Consumer theory is the study of how people decide to spend their money based on their individual preferences and budget constraints. A branch of microeconomics, consumer theory shows how individuals make choices subject to how much income they have available to spend and the prices of goods and services.1
Understanding how consumers operate makes it easier for vendors to predict which of their products will sell more and enables economists to get a better grasp of the invisible hand, the unseen forces that shape the economy.
KEY TAKEAWAYS
- Consumer theory is the study of how people decide to spend their money based on their individual preferences and budget constraints.
- Building a better understanding of individuals’ tastes and incomes is important, because these factors impact the shape of the overall economy.
- Consumer theory is useful but is not flawless, as it is based on a number of assumptions about human behavior.
Understanding Consumer Theory
Individuals have the freedom to choose between different bundles of goods and services. Consumer theory seeks to predict their purchasing patterns by making the following three basic assumptions about human behavior:2
- Utility maximization—Individuals are said to make calculated decisions when shopping, purchasing products that bring them the greatest benefit, otherwise known in economic terms as maximum utility.
- Non-satiation—People are seldom satisfied with one trip to the shops and always want to consume more.
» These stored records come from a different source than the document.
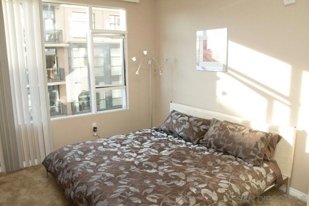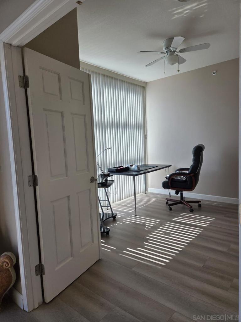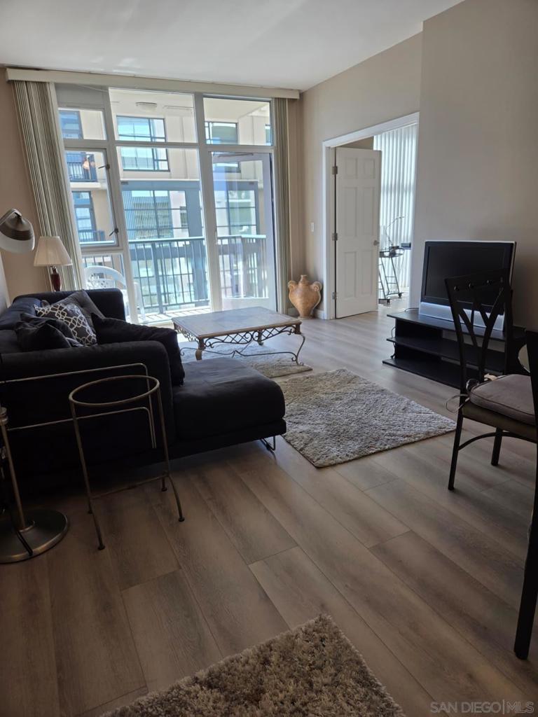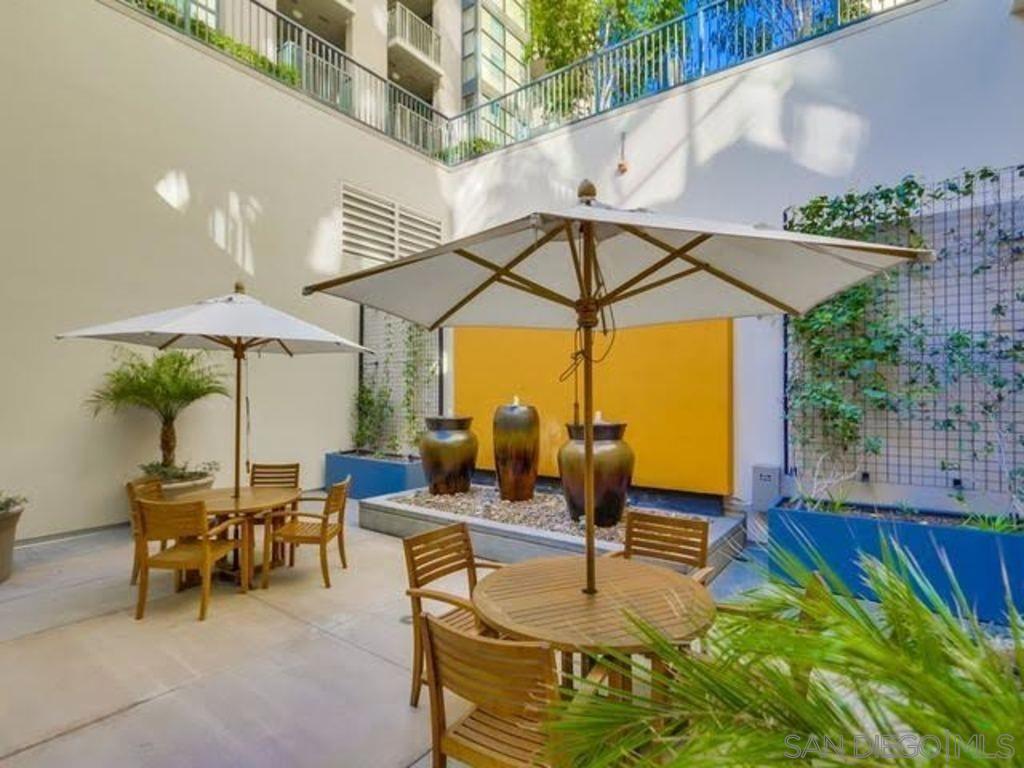 BRAND NEW HARDWOOD FLOORING JUST INSTALLED IN LIVINGROOM, BEDROOM AND LARGE DEN! Beautifully furnished, one bedroom plus spacious Den/office! Open kitchen concept with Stainless steel appliances and granite countertops. Trellis complex located in the heart of downtown San Diego Gaslamp, Convention Center, Petco Park, the Trolley, fine dining and shops all with in one block of the condo. West facing views are spectacular during the day and night. Secure entry, gated parking space. Courtyard views, security entries for garage and building. Complex offer fitness center, patio furniture and BBQ grills in courtyard area.
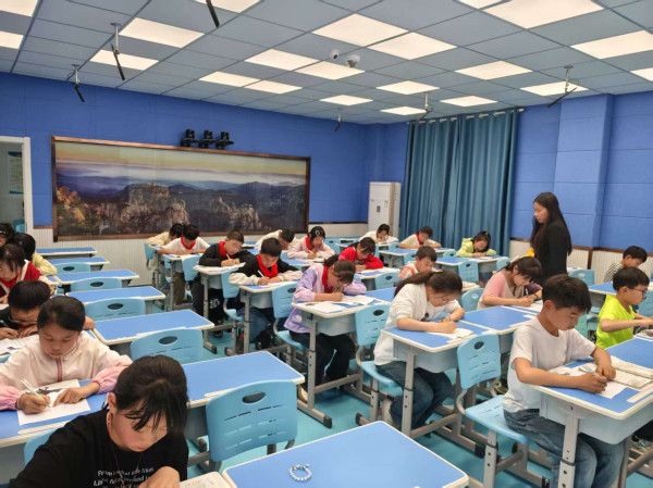 硬笔书法比赛吸引了四五六年级学生的积极参与,赛场上选手们全神贯注端坐在桌前,一笔一划认真书写诗词,刚劲有力、清秀隽永的字迹体现出硬笔书法的独特魅力,中华千年文化在书写中焕发出时代光彩。
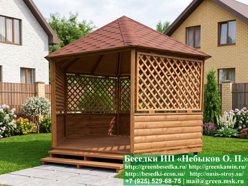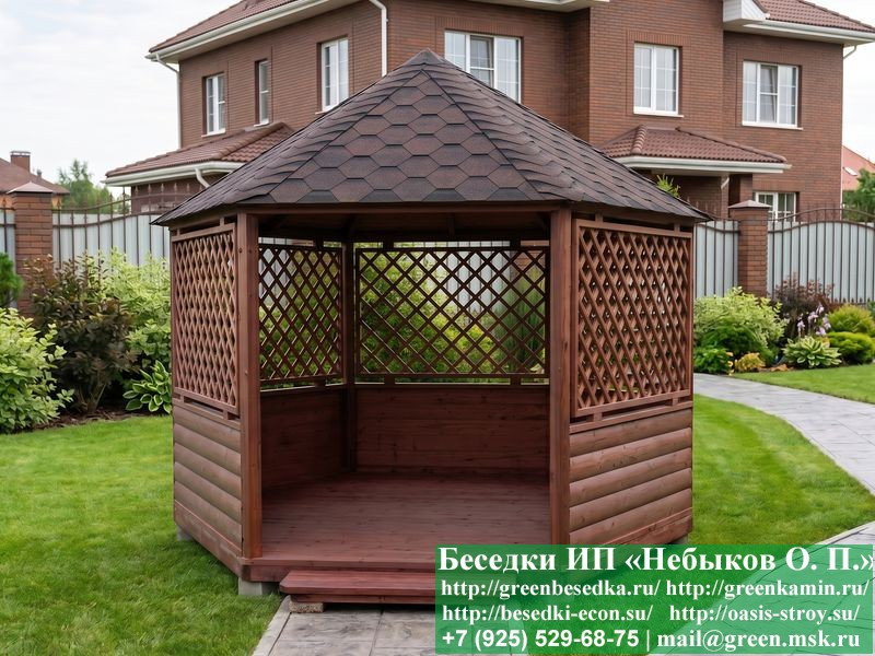 Схема размеров шестигранной беседки 3х3.Круглая закрытая застекленная беседка диаметром 4 метра изготавливается из сосны. При строительстве беседок используется сухой материал камерной сушки. В качестве несущих стоек используется строганый брус 90х90 мм. Ниже подоконника беседка закрывается блокхаусом (имитация бревна). Выше подоконника устанавливаются перголы (решетки) с косыми ячейками. Перголы-шпалеры закупаются у мастера, который занимается их изготовлением 15 лет. Сухой материал тщательно полируется. На пол кладется толстая сухая строганая доска 35 мм. На крышу укладывается мягкая гибкая черепица "Технониколь": Коричневых, Зеленых, Бордовых, Серых цветов. Срок изготовления и монтажа беседки на участке составляет 7-10 дней. Беседки поставляются в не крашеном виде. Возможна покраска беседок или полная обработка антисептиком.
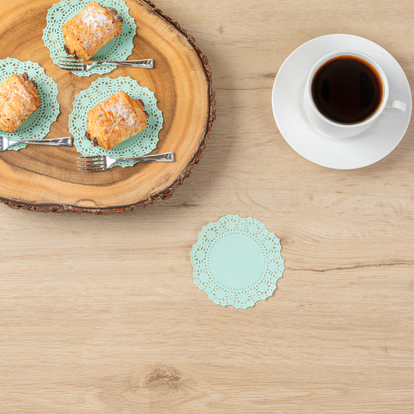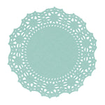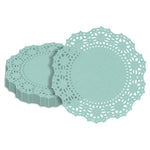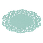 Enhance your dessert presentations with our Pastry Tek Round Teal Paper Doilies. Crafted from high-quality paper, these lace doilies provide durability while displaying double chocolate brownies at bakeries or catered luncheons without tearing or losing their structural integrity. The lace-like details of these table doilies increase the visual appeal of food presentations while serving as functional barriers, protecting surfaces, and absorbing moisture. With a specific colored finish, these colored paper doilies are versatile enough to complement a wide range of table settings and themes, making them an ideal choice for various events and occasions. Designed to be disposable, these small doilies eradicate the hassle of post-event cleanup, offering a convenient and time-saving solution for busy hosts and food establishments. Perfect for use under cupcakes, petit fours, macarons, and other small treats, these paper doilies are both practical and stylish. Measuring 4 inches in diameter, these lace doilies fit perfectly on small plates and trays. Sold in a 100 count box.
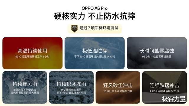 抗摔能力上,A6 Pro 采用了高强度航空合金骨架与 OPPO 晶盾玻璃构成的超抗摔金刚石架构,成功通过包括高温、极低温、长时间盐雾腐蚀等 7 项军标环境测试,从容应对日常跌落与磕碰,真正做到“横竖里外都抗摔”。
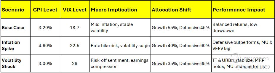 In the following section, I will be sharing how we simulate the return cones evolve post-earnings and under a September rate cut, then build a rebalancing heatmap based on CPI-VIX thresholds to guide tactical allocation shifts.

- Decreasing marginal utility—Consumers lose satisfaction in a product the more they consume it.
Working through examples and/or cases, consumer theory usually requires the following inputs:
- A full set of consumption options
- How much utility a consumer derives from each bundle in the set of options
- A set of prices assigned to each bundle
- Any initial bundle that the consumer currently holds
Advantages of Consumer Theory
Building a better understanding of individuals’ tastes and incomes is important, because it has a big bearing on the demand curve, which is the relationship between the price of a good or service and the quantity demanded for a given period of time, and on the shape of the overall economy.
Consumer spending drives a significantly large chunk of gross domestic product (GDP) in the United States.3 If people cut down on purchases, then demand for goods and services will fall, squeezing company profits, the labor market, investment, and many other things that make the economy tick.
Example of Consumer Theory
Let’s look at an example. Kyle is a consumer with a budget of $200 who must choose how to allocate his funds between pizza and video games (the bundle of goods). If a pizza costs $10 and a video game cost $50, Kyle could buy 20 pizzas, or four video games, or five pizzas and three video games. Alternatively, he could keep all $200 in his pocket.
How can an outsider predict how Kyle is most likely to spend his money? Consumer theory can help give an answer to this question.
Limitations of Consumer Theory
Challenges to developing a practical formula for this situation are numerous. For instance, as behavioral economics points out, people are not always rational and are occasionally indifferent to the choices available.
4 Some decisions are particularly difficult to make because consumers are not familiar with the products. There could also be an emotional component involved in the decision-making process that cannot be captured in an economic function.
The many assumptions made by consumer theory have caused it to come under criticism. While its observations may be valid in a perfect world, in reality, there are numerous variables that can expose as flawed the process of simplifying spending habits.
4Going back to the example of Kyle, figuring out how he will spend his $200 is not as clear-cut as it might seem at first. Economics assumes that he understands his preferences for pizza and video games and can decide how much of each he wants to purchase. It also presumes that there are enough video games and pizzas available to satisfy Kyle’s choices. Of course, none of these assumptions may be correct, even if generally they are.
What does consumer theory tell us?
Consumer theory attempts to predict how people will spend their money by looking at their budget constraints and individual preferences. Its weakness is that it assumes that people will always make rational choices.
Why is consumer theory important?
Because consumer spending is the engine of the U.S. economy, understanding how consumers may spend their hard-earned money helps businesses decide where to allocate their resources.
What is the demand curve?
The demand curve looks at the relationship between the cost of a good or service and the amount needed to satisfy consumer consumption over a stated period of time. It helps determine the shape of the economy.